#### [Data for this exercise]

================================

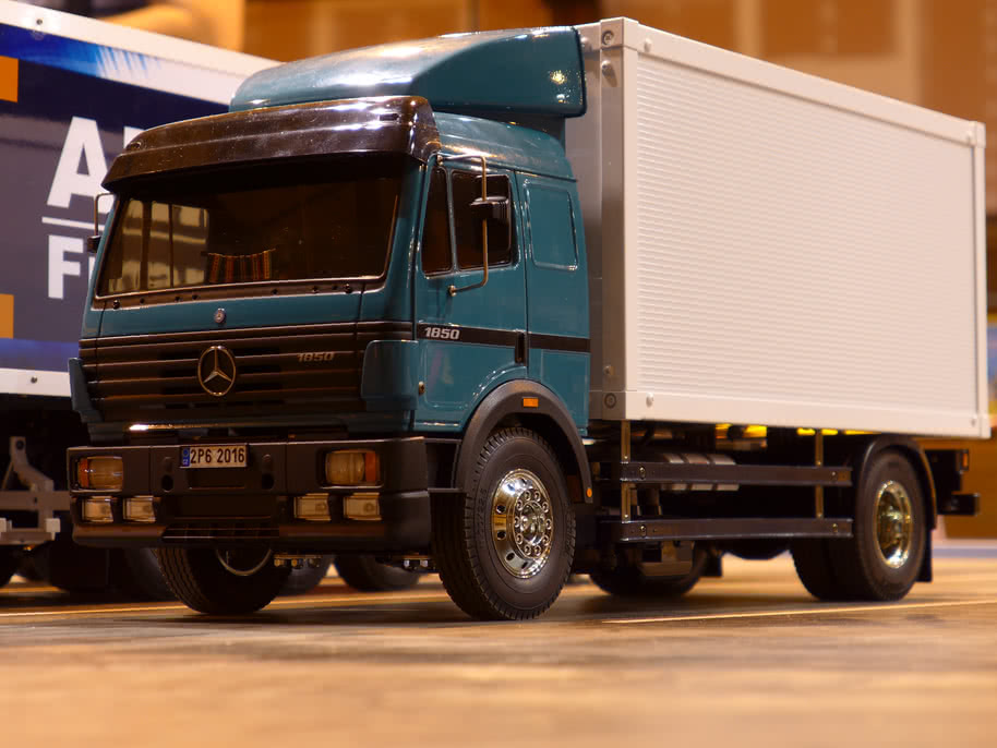 Mezi silničními vozidly byl i tento skříňový nákladní automobil Mercedes Benz 1850. Sice mi přijdou některé silniční náklaďáky ze stavebnic až příliš přechromované a nerealistické, tento kousek mě ale zaujal. Možná tím, že z něj nikde nekoukal nenastříkaný kus hliníku. Celkově na mě auto působilo věrohodným a celistvým dojmem, přestože skříň nástavby byla bez popisů nebo reklamy. Ve stoupání byl sice stejně neschopný jako všechny Mercedesy, ale na fotce vypadá přímo krásně. Na videu je záběr, jak Agrovka naložená dvanácti tunami materiálu vyjede silniční stoupání jako nic, za ní se tento Mercedes pokouší o totéž. Zastaví jej malý schůdek velikosti obrubníku, který nakonec úspěšně překonává s rozjezdem. To prosím v žádném případě nechápejte jako výsměch – naopak, chválím realistické chování vozu!
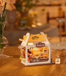 De Berenbakkerij is een charmante miniatuur voor iedereen die van knutselen en design houdt. De bouwset bevat alles wat je nodig hebt, inclusief lijm en gereedschap; voeg alleen een schaar toe. Zodra je de LED-verlichting inschakelt, verandert de bakkerij in een warm, gezellig lichtpuntje dat elk detail van de vitrines, bordjes en het gebak benadrukt.
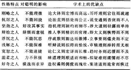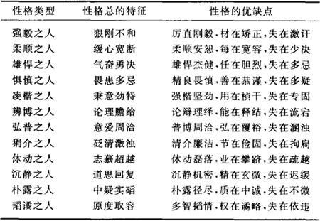 三国魏刘劭关于性格类型问题的主张。有三种观点:(1)五类型说。在《人物志·九征》篇中,从五行观出发,认为五行的特征各自显现在人体上,成为“五体”;有了这五种形体,又产生出五种性格特征,称为“五质”;这五种品质具有永恒不变的性质,因此又叫做“五常”或“五德”。这样就把性格划分为以五行为基础的五种类型(见表1)。(2)九类型说。在《人物志·材理》篇中,分析了九种性格对聪明(智力)的制约情况,从而显示出九种性格类型的基本特征(见表2)。(3)十二类型说。在《人物志·体别》篇中,又把性格区分为十二种类型,并对每一种类型的基本特征、优缺点,进行了详尽而深入的剖析(见表3)。 表1
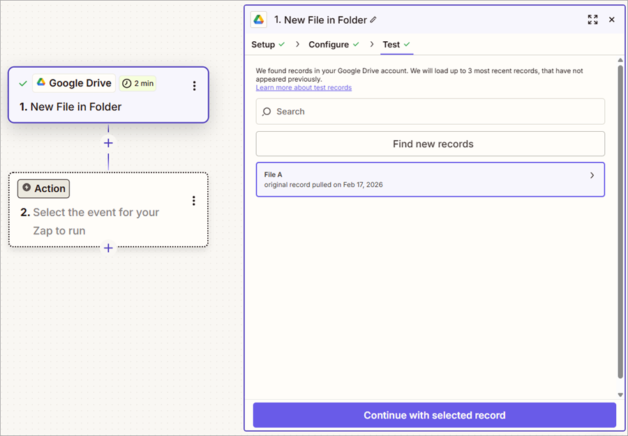 - Select Find new Records to find the file in Google Drive.
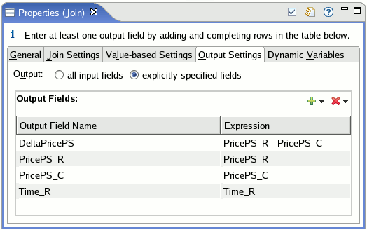 The Output Settings tab allows you to specify the field names and expressions this Join operator should release. Release occurs
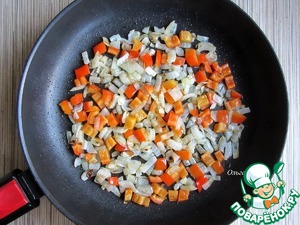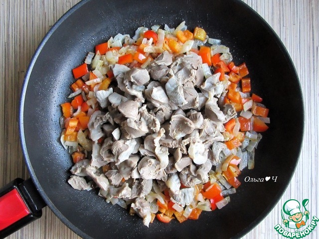 Приготовьте начинку. Куриные желудочки заранее хорошо промойте, нарежьте кусочками и отварите до мягкости с лавровым листом, бутонами гвоздики и 1/4 луковицы. Оставшийся лук и сладкий перец мелко нарежьте, обжарьте на смеси растительного и сливочного масел.
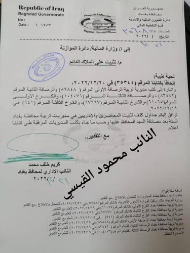 إنجاز الكلف المالية الخاصة بتثبيت المحاضرين في بغداد
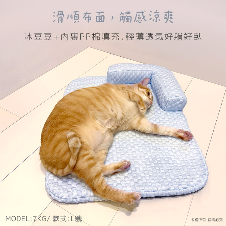 貓本屋 冰豆豆涼感 可拆洗靠枕寵物睡墊(XL號/80x60cm)★貓狗適用★ --溫和迅速降溫,涼爽舒適,告別黏膩!-- 炎炎夏日,擔心冷氣費貴、更怕獨自留在家中的毛孩們太熱!尤其毛小孩的體溫又比人略高,除了通風的環境、提供充足的水份之外還能提供什麼避暑良方呢? 【冰豆豆涼感 可拆洗靠枕寵物睡墊】,採用冰豆豆涼感冰絲面料,皮膚接觸這種面料,會感到冰涼滑順,夏天不再擔心毛小孩太熱,不用吹冷氣也可以涼涼的!絕對是今年夏天的不二選擇! 底部海綿墊可拆出,方便清洗易打理!L型靠枕內部填充高回彈的PP棉,如雲朵般蓬鬆柔軟,舒爽靠著睡,可放置於籠子、推車、地板、沙發上…等,趕快使用降溫墊,讓毛小孩擁有一個涼爽的休憩環境吧! ※欲清理時,請先將底部的海綿墊取出,使用溫水手洗, 並搭配中性潔劑,清洗完畢後請放至通風處晾乾即可!※請避免使用尖銳物割刺、或是寵物啃咬,以免造成破損。※若沾染髒污時,請立即使用濕布擦拭,避免長時間滲透!※本產品不可漂白、不可熨燙、不可烘乾!注意事項: .本商品為接觸型商品,為避免傳染性疾病(如:跳蚤/壁蝨/疥癬…等) 一經開封或試用過,恕不受理更換事宜。.本產品僅供寵物使用,請勿做其他用途。.若於溫度35℃以上的環境使用,可搭配電扇或空調,可提高使用效果。.收納存放時,請放置於陰涼乾燥處,請避免靠近火源/高溫/陽光直射。.欲清理時,可直接水洗,並搭配中性潔劑,清洗完畢時直接陰乾。.請避免使用尖銳物割刺、或是寵物啃咬,以免造成布面破損。.商品圖檔顏色因電腦螢幕設定差異會略有不同,以實際商品顏色為準。.購買前仔細詳閱商品規格尺寸,慎重購買,以免造成日後買賣糾紛。.所有的規格與重量皆採手工測量,誤差±5%屬正常範圍。 轉載敬告: 鈞嵐(立嵐)之商品圖文、影片或商標等,皆屬鈞嵐(立嵐)版權所有, 若未經同意即任意轉載刊登者,我司將進行相關智慧財產著作權與 商標權及商業法的追訴權利。 商品規格: .型 號:OO-P-SN08XL.品 名:貓本屋 冰豆豆涼感 可拆洗靠枕寵物睡墊(XL號).款 式:粉藍/淺灰.尺 寸:約 80 x 60 x 2.4 cm / 靠枕厚 8 cm.重 量:約 779 g.材 質:涼感布、海綿、PP棉、防滑顆粒.包裝方式:袋裝.包裝內含:冰豆豆涼感寵物睡墊 x1.商品保固:僅限新品瑕疪更可換商品.產 地:中國大陸
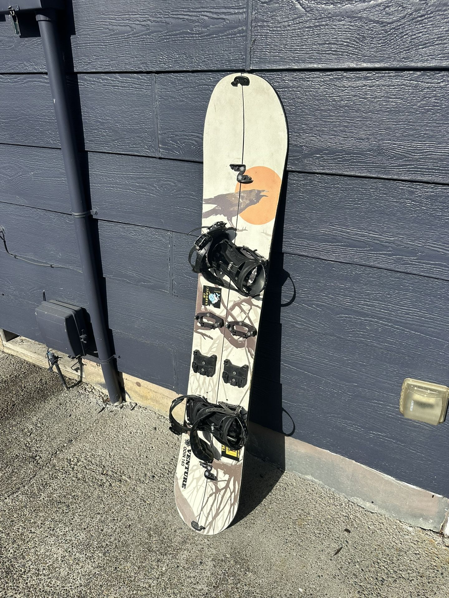 Venture Odin 164. This board is a hard charger, and rides well in all conditions. It has been well used. Perfect for someone who wants to try out split boarding. Some delamination, scratches, repaired base gouge, binding has a crack and repaired by JB Weld. Comes with skins, bindings, pucks, and extra binding hardware.
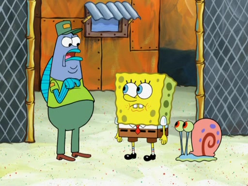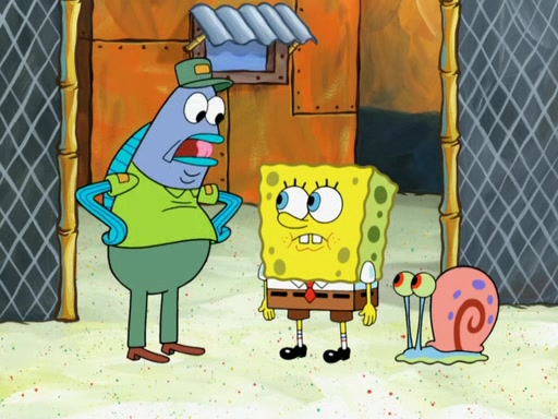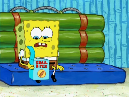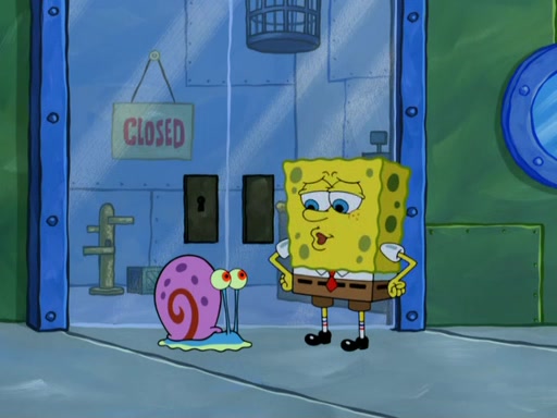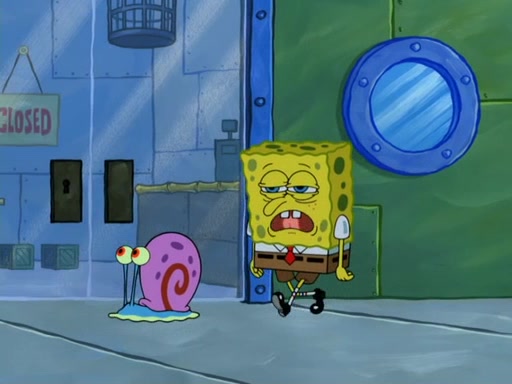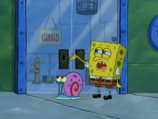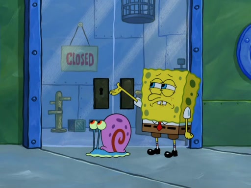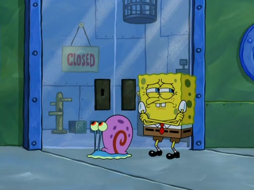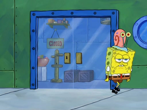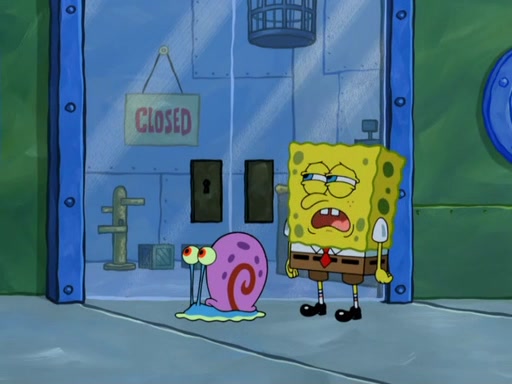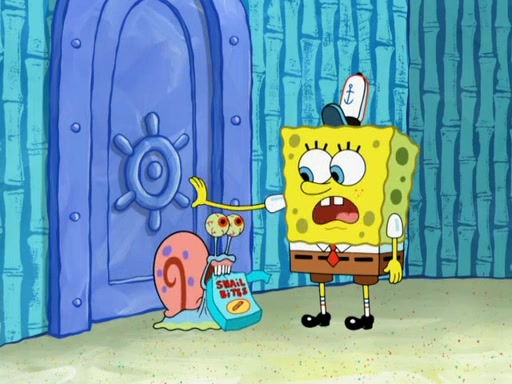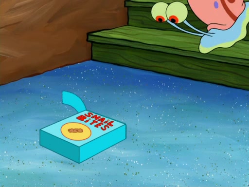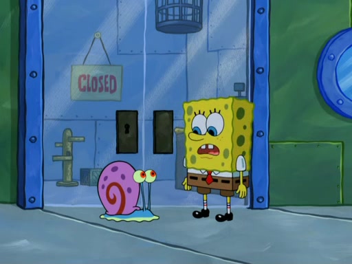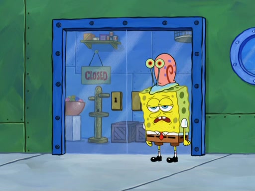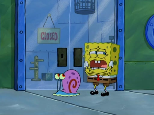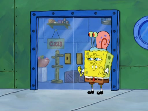 A worker tells SpongeBob and Gary that they are closed, the last box of Snail Bites shipped out days ago, they ran out of ingredients to make them, and the owner quit the business completely, because he had a lot of money. Gary then tells SpongeBob (in snail talk) that they should look all around the world, to see if they have any more Snail Bites. SpongeBob is now furious that he is still meowing.

================================

Every entry in the listing is to be duplicated precisely, except for its pictures.

 Mezi silničními vozidly byl i tento skříňový nákladní automobil Mercedes Benz 1850. Sice mi přijdou některé silniční náklaďáky ze stavebnic až příliš přechromované a nerealistické, tento kousek mě ale zaujal. Možná tím, že z něj nikde nekoukal nenastříkaný kus hliníku. Celkově na mě auto působilo věrohodným a celistvým dojmem, přestože skříň nástavby byla bez popisů nebo reklamy. Ve stoupání byl sice stejně neschopný jako všechny Mercedesy, ale na fotce vypadá přímo krásně. Na videu je záběr, jak Agrovka naložená dvanácti tunami materiálu vyjede silniční stoupání jako nic, za ní se tento Mercedes pokouší o totéž. Zastaví jej malý schůdek velikosti obrubníku, který nakonec úspěšně překonává s rozjezdem. To prosím v žádném případě nechápejte jako výsměch – naopak, chválím realistické chování vozu!
 De Berenbakkerij is een charmante miniatuur voor iedereen die van knutselen en design houdt. De bouwset bevat alles wat je nodig hebt, inclusief lijm en gereedschap; voeg alleen een schaar toe. Zodra je de LED-verlichting inschakelt, verandert de bakkerij in een warm, gezellig lichtpuntje dat elk detail van de vitrines, bordjes en het gebak benadrukt.
 三国魏刘劭关于性格类型问题的主张。有三种观点:(1)五类型说。在《人物志·九征》篇中,从五行观出发,认为五行的特征各自显现在人体上,成为“五体”;有了这五种形体,又产生出五种性格特征,称为“五质”;这五种品质具有永恒不变的性质,因此又叫做“五常”或“五德”。这样就把性格划分为以五行为基础的五种类型(见表1)。(2)九类型说。在《人物志·材理》篇中,分析了九种性格对聪明(智力)的制约情况,从而显示出九种性格类型的基本特征(见表2)。(3)十二类型说。在《人物志·体别》篇中,又把性格区分为十二种类型,并对每一种类型的基本特征、优缺点,进行了详尽而深入的剖析(见表3)。 表1
 - Select Find new Records to find the file in Google Drive.
 The Output Settings tab allows you to specify the field names and expressions this Join operator should release. Release occurs
 Приготовьте начинку. Куриные желудочки заранее хорошо промойте, нарежьте кусочками и отварите до мягкости с лавровым листом, бутонами гвоздики и 1/4 луковицы. Оставшийся лук и сладкий перец мелко нарежьте, обжарьте на смеси растительного и сливочного масел.
 إنجاز الكلف المالية الخاصة بتثبيت المحاضرين في بغداد
 貓本屋 冰豆豆涼感 可拆洗靠枕寵物睡墊(XL號/80x60cm)★貓狗適用★ --溫和迅速降溫,涼爽舒適,告別黏膩!-- 炎炎夏日,擔心冷氣費貴、更怕獨自留在家中的毛孩們太熱!尤其毛小孩的體溫又比人略高,除了通風的環境、提供充足的水份之外還能提供什麼避暑良方呢? 【冰豆豆涼感 可拆洗靠枕寵物睡墊】,採用冰豆豆涼感冰絲面料,皮膚接觸這種面料,會感到冰涼滑順,夏天不再擔心毛小孩太熱,不用吹冷氣也可以涼涼的!絕對是今年夏天的不二選擇! 底部海綿墊可拆出,方便清洗易打理!L型靠枕內部填充高回彈的PP棉,如雲朵般蓬鬆柔軟,舒爽靠著睡,可放置於籠子、推車、地板、沙發上…等,趕快使用降溫墊,讓毛小孩擁有一個涼爽的休憩環境吧! ※欲清理時,請先將底部的海綿墊取出,使用溫水手洗, 並搭配中性潔劑,清洗完畢後請放至通風處晾乾即可!※請避免使用尖銳物割刺、或是寵物啃咬,以免造成破損。※若沾染髒污時,請立即使用濕布擦拭,避免長時間滲透!※本產品不可漂白、不可熨燙、不可烘乾!注意事項: .本商品為接觸型商品,為避免傳染性疾病(如:跳蚤/壁蝨/疥癬…等) 一經開封或試用過,恕不受理更換事宜。.本產品僅供寵物使用,請勿做其他用途。.若於溫度35℃以上的環境使用,可搭配電扇或空調,可提高使用效果。.收納存放時,請放置於陰涼乾燥處,請避免靠近火源/高溫/陽光直射。.欲清理時,可直接水洗,並搭配中性潔劑,清洗完畢時直接陰乾。.請避免使用尖銳物割刺、或是寵物啃咬,以免造成布面破損。.商品圖檔顏色因電腦螢幕設定差異會略有不同,以實際商品顏色為準。.購買前仔細詳閱商品規格尺寸,慎重購買,以免造成日後買賣糾紛。.所有的規格與重量皆採手工測量,誤差±5%屬正常範圍。 轉載敬告: 鈞嵐(立嵐)之商品圖文、影片或商標等,皆屬鈞嵐(立嵐)版權所有, 若未經同意即任意轉載刊登者,我司將進行相關智慧財產著作權與 商標權及商業法的追訴權利。 商品規格: .型 號:OO-P-SN08XL.品 名:貓本屋 冰豆豆涼感 可拆洗靠枕寵物睡墊(XL號).款 式:粉藍/淺灰.尺 寸:約 80 x 60 x 2.4 cm / 靠枕厚 8 cm.重 量:約 779 g.材 質:涼感布、海綿、PP棉、防滑顆粒.包裝方式:袋裝.包裝內含:冰豆豆涼感寵物睡墊 x1.商品保固:僅限新品瑕疪更可換商品.產 地:中國大陸
 Venture Odin 164. This board is a hard charger, and rides well in all conditions. It has been well used. Perfect for someone who wants to try out split boarding. Some delamination, scratches, repaired base gouge, binding has a crack and repaired by JB Weld. Comes with skins, bindings, pucks, and extra binding hardware.
 A worker tells SpongeBob and Gary that they are closed, the last box of Snail Bites shipped out days ago, they ran out of ingredients to make them, and the owner quit the business completely, because he had a lot of money. Gary then tells SpongeBob (in snail talk) that they should look all around the world, to see if they have any more Snail Bites. SpongeBob is now furious that he is still meowing.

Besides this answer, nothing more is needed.